╭─ PROVIDED DATA
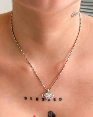 Set corazón plateado, tiene baño de rodio e incluye 1 unidad.
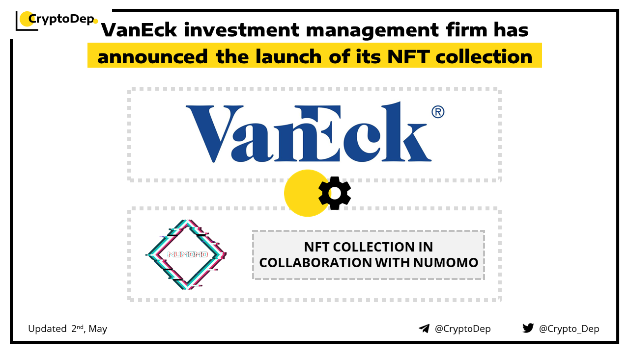 VanEck, a New York-based investment management firm, will release a collection of 1,000 NFTs in partnership with the NFT creative services firm NUMOMO. The collection will include three tiers: 750 βcommon,β 230 βrareβ and 20 βlegendary" NFTs. Each level will afford the owner more special access to VanEck events, digital asset research and other exclusive benefits. An airdrop to people who sign up for the project will occur the first week of May in 2022.
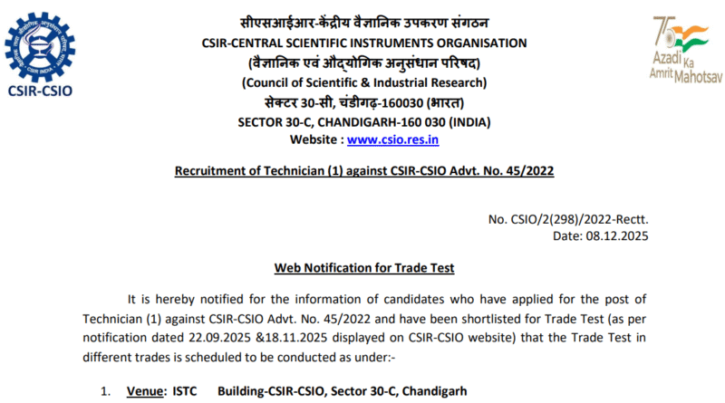 CSIR CSIO Technician Recruitment 2025 Trade Test Notification Out: It is hereby notified for the information of candidates who have applied for the post of Technician (1) against CSIR-CSIO Advt. No. 45/2022 and have been shortlisted for Trade Test (as per notification dated 22.09.2025 &18.11.2025 displayed on CSIR-CSIO website) that the Trade Test in different trades is scheduled to be conducted as under
╰─
▶ TASK DIRECTIONS:
Write the listing out a second time exactly, dropping all images.

▶ SOLUTION FOR THIS PROBLEM:
 Set corazón plateado, tiene baño de rodio e incluye 1 unidad.
 VanEck, a New York-based investment management firm, will release a collection of 1,000 NFTs in partnership with the NFT creative services firm NUMOMO. The collection will include three tiers: 750 βcommon,β 230 βrareβ and 20 βlegendary" NFTs. Each level will afford the owner more special access to VanEck events, digital asset research and other exclusive benefits. An airdrop to people who sign up for the project will occur the first week of May in 2022.
 CSIR CSIO Technician Recruitment 2025 Trade Test Notification Out: It is hereby notified for the information of candidates who have applied for the post of Technician (1) against CSIR-CSIO Advt. No. 45/2022 and have been shortlisted for Trade Test (as per notification dated 22.09.2025 &18.11.2025 displayed on CSIR-CSIO website) that the Trade Test in different trades is scheduled to be conducted as under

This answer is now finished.